Work instructions:
Make an exact copy of the records, and keep the pictures out of it.
- Opening Delimiter -
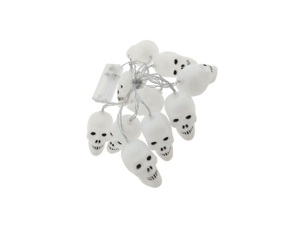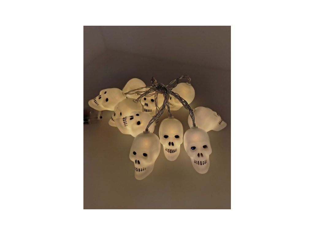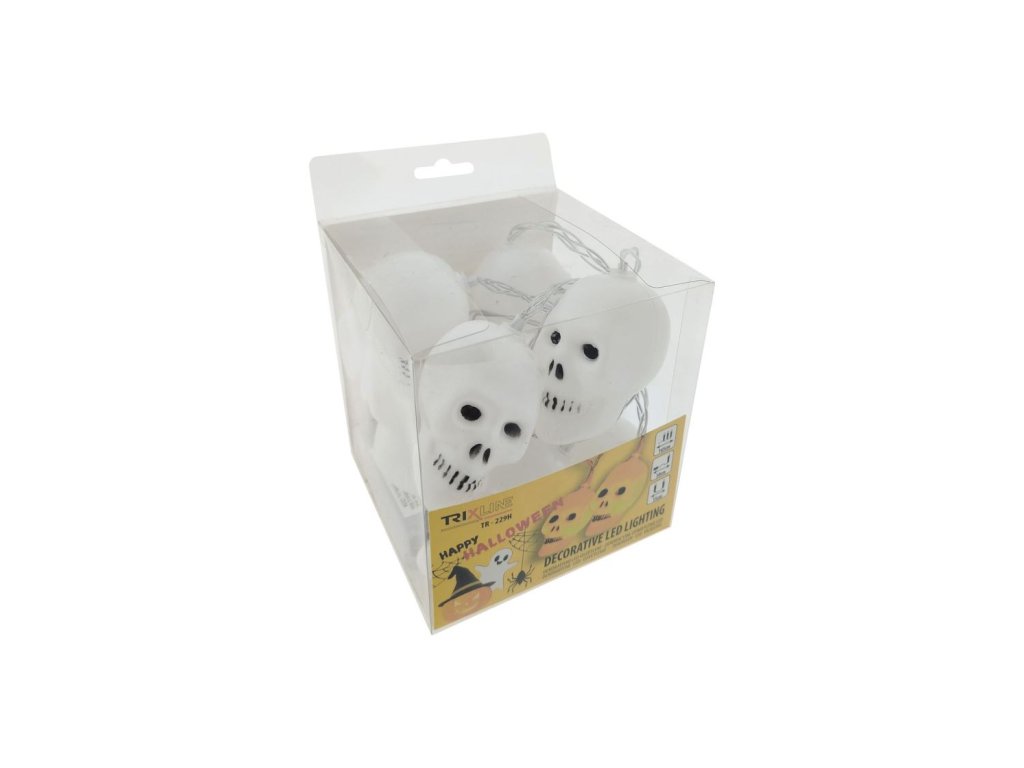 Haloweenské osvětlení - Lebky TRIXLINE TR-229HZdroj světla: LED<BR/>Počet LED: 10 ks<BR/>Barva světla: teplá bílá 2700K<BR/>Materiál: plast<BR/>Napájení: 2x AA 1,5V (nejsou součástí)<BR/>Rozteč žárovek: 15cm<BR/>Přívodní kabel: 30cm<BR/>Celková délka: 165cm<BR/>Funkce:ON/OFF<BR/>Rozměr světýlka - lebky: cca 65x45mm<BR/><BR/>Skvělá volba pro všechny, kdo chtějí doladit svou halloweenskou výzdobu do posledního detailu. Lebky se jemně rozzáří teplým bílým světlem a navodí tu pravou strašidelnou atmosféru.<BR/><BR/>Není určeno pro venkovní instalaci, používejte pouze v interiéru.
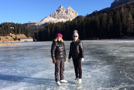 In this photo I'm skating on Lake Misurina with a stunning view of Tre Cime di Lavaredo
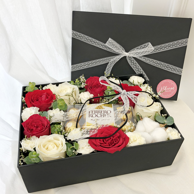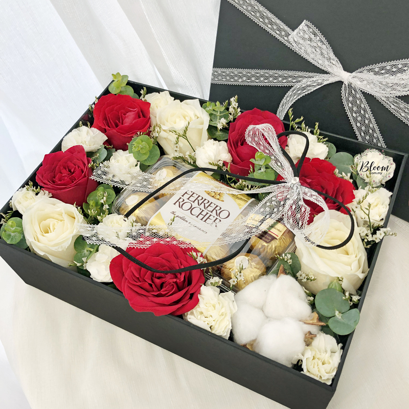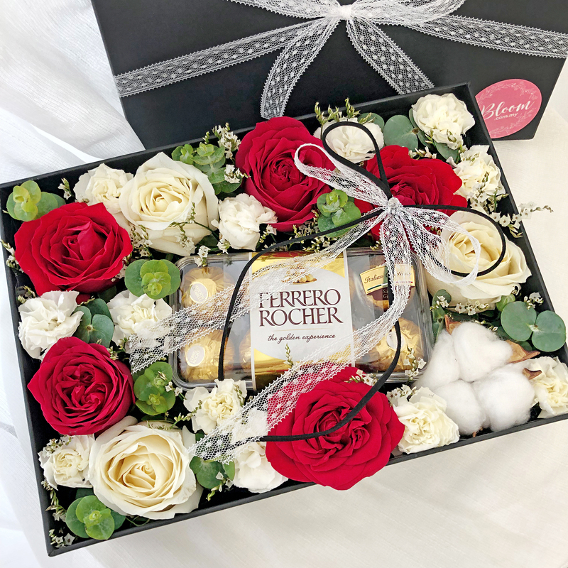 配以玫瑰、康乃馨喷雾和棉花,可爱的盒装插花可容纳 16 块费列罗巧克力。这款独特的插花是分享欢乐和优雅的理想之选。 盒子尺寸:28 厘米 x 20 厘米 x 9 厘米
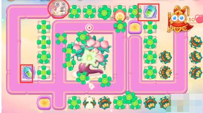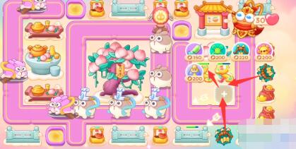 3、附近所有障碍物清除,放置多重箭和风扇,遇到滑板兔的时候注意锁定。
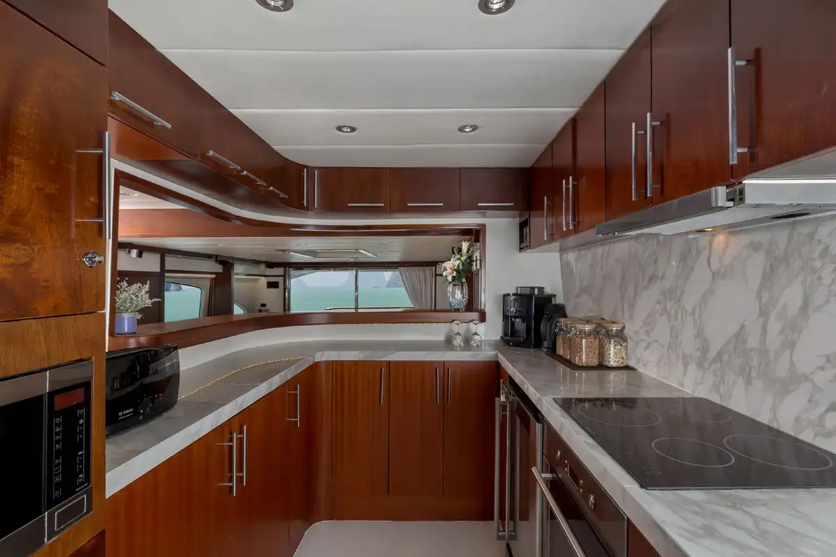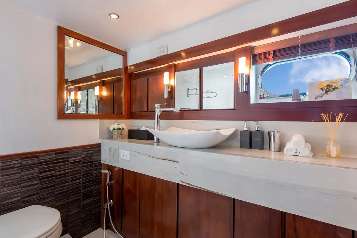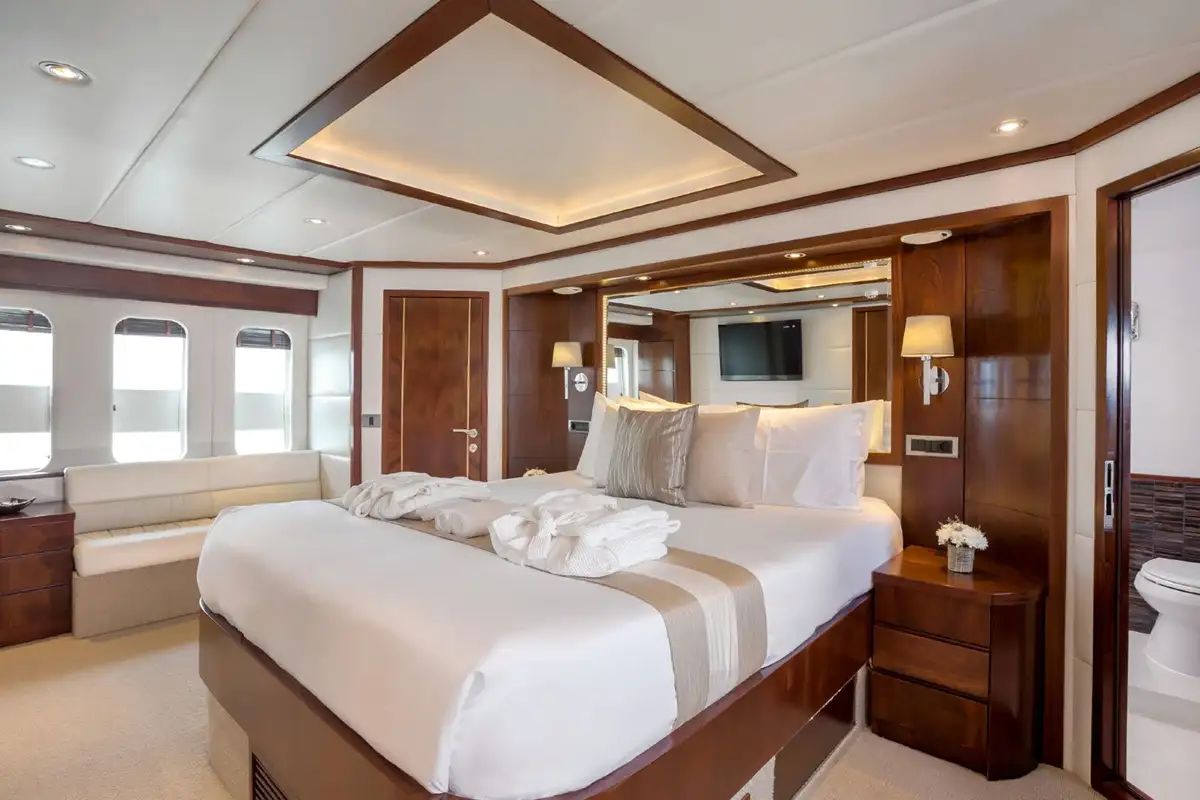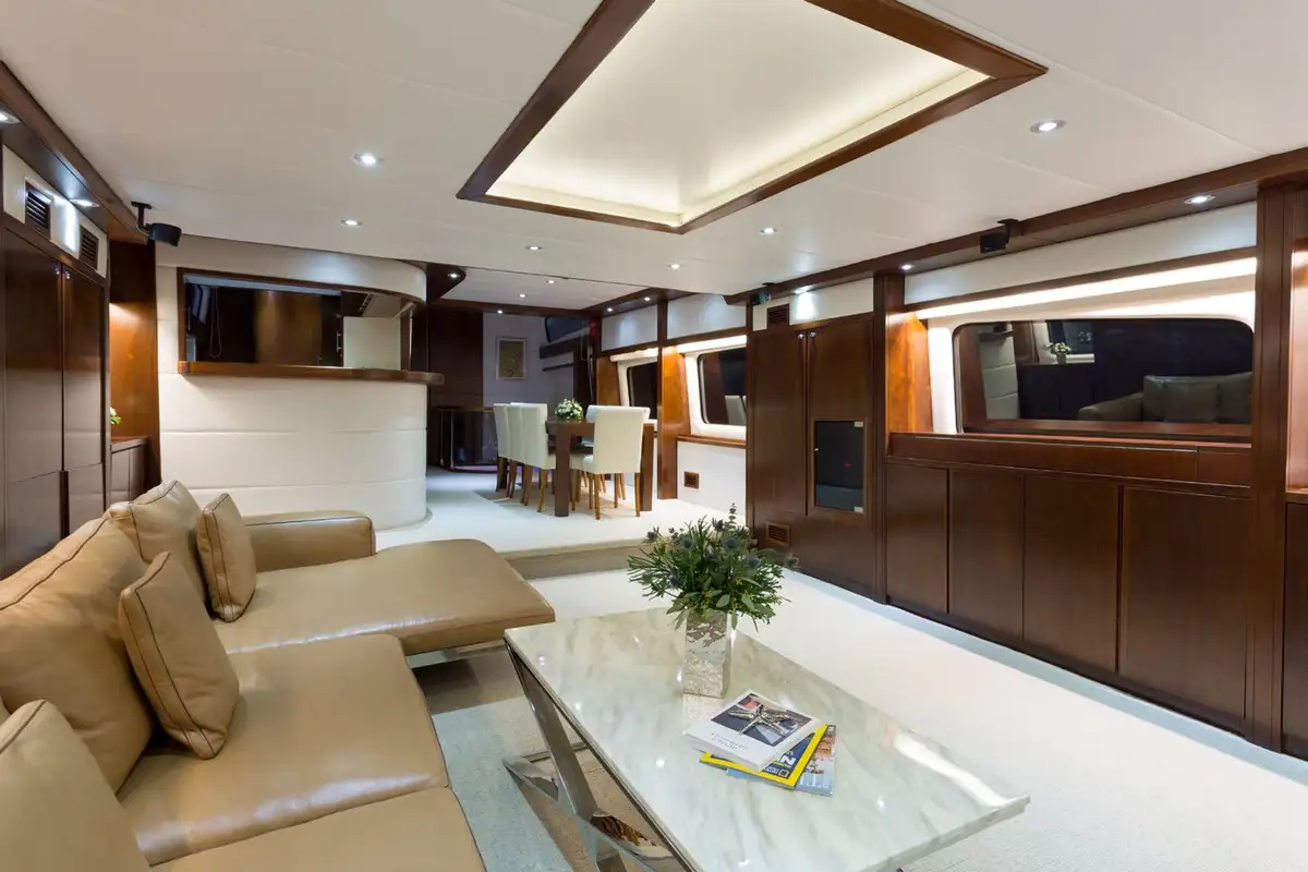 Time spent on board is luxurious and comfortable with a very spacious saloon, two full beam master staterooms and two twin staterooms perfect for mixed groups and families. Her interior design is light and bright with natural décor throughout showing her in immaculate condition. The hub of the yacht can be found on the sun deck with an al fresco dining area, jacuzzi and a bar with a high tech sound system, great for entertaining or simply relaxing with ambient music and a nice chilled drink.
- Closing Delimiter -
Solution:
 Haloweenské osvětlení - Lebky TRIXLINE TR-229HZdroj světla: LED<BR/>Počet LED: 10 ks<BR/>Barva světla: teplá bílá 2700K<BR/>Materiál: plast<BR/>Napájení: 2x AA 1,5V (nejsou součástí)<BR/>Rozteč žárovek: 15cm<BR/>Přívodní kabel: 30cm<BR/>Celková délka: 165cm<BR/>Funkce:ON/OFF<BR/>Rozměr světýlka - lebky: cca 65x45mm<BR/><BR/>Skvělá volba pro všechny, kdo chtějí doladit svou halloweenskou výzdobu do posledního detailu. Lebky se jemně rozzáří teplým bílým světlem a navodí tu pravou strašidelnou atmosféru.<BR/><BR/>Není určeno pro venkovní instalaci, používejte pouze v interiéru.
 In this photo I'm skating on Lake Misurina with a stunning view of Tre Cime di Lavaredo
 配以玫瑰、康乃馨喷雾和棉花,可爱的盒装插花可容纳 16 块费列罗巧克力。这款独特的插花是分享欢乐和优雅的理想之选。 盒子尺寸:28 厘米 x 20 厘米 x 9 厘米
 3、附近所有障碍物清除,放置多重箭和风扇,遇到滑板兔的时候注意锁定。
 Time spent on board is luxurious and comfortable with a very spacious saloon, two full beam master staterooms and two twin staterooms perfect for mixed groups and families. Her interior design is light and bright with natural décor throughout showing her in immaculate condition. The hub of the yacht can be found on the sun deck with an al fresco dining area, jacuzzi and a bar with a high tech sound system, great for entertaining or simply relaxing with ambient music and a nice chilled drink.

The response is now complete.